北海道の川に棲むちょっと頭でっかちの憎めない顔をした魚です。私もこの本を読むまではそんな魚のことはまるで知らなかったのですが、後藤先生はこの魚が実はよく似た2種類の魚を混同したものだということを初めて明らかにしたのです。1980年の事でした。川の中上流に棲んで川の中だけで生涯をすごすハナカジカと、主に下流に棲み海と川とを行き来するエゾハナカジカ。このうちハナカジカは北海道と東北の一部にだけ分布する日本固有種で、遠い昔にエゾハナカジカから別れて新しく生まれた魚だというのです。どうやらこの種分化が北海道の川を主舞台として行われたらしい。

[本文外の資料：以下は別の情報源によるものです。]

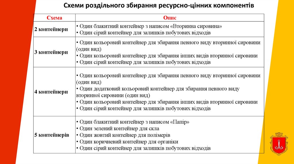 Схеми роздільного збирання ресурсно-цінних компонентівСхема

しかもとても興味深いことに、はるか昔、エゾハナカジカの棲む川でハナカジカという魚が進化しつつあるとき、全く別の川でも同じ出来事が同様に進行したらしいのです。示し合わせたわけでもないのにあちらの川とこちらの川で別々に進化して、出来上がった魚が実は同じ種になったというのです。こんな進化の仕方ってあるの?と驚いたのが最初の印象でした。
普通は離れた地域に孤立的に点々と同じ動物なり植物なりが分布していたら、それは一方で生まれたものがなんらかの方法で他方へ分散したか、あるいは広域分布種が徐々に分布を狭めてやがていくつかの場所に隔離されたかのどちらかだと考えられます。ハナカジカはそうではなく初めからあちこちにほぼ同時に生まれたらしいのです。
後藤先生はその後もいくつかの著書の中でハナカジカのこの一見奇妙な種分化をDNA分析などの新しい視点で検証されています。2001年の最新の著書では「その成果は、生物多様性とその起源に対するより深い理解に役立つとともに、世界的に認知される新しい種分化説の構築へと展開されつつある。」とも述べておられます。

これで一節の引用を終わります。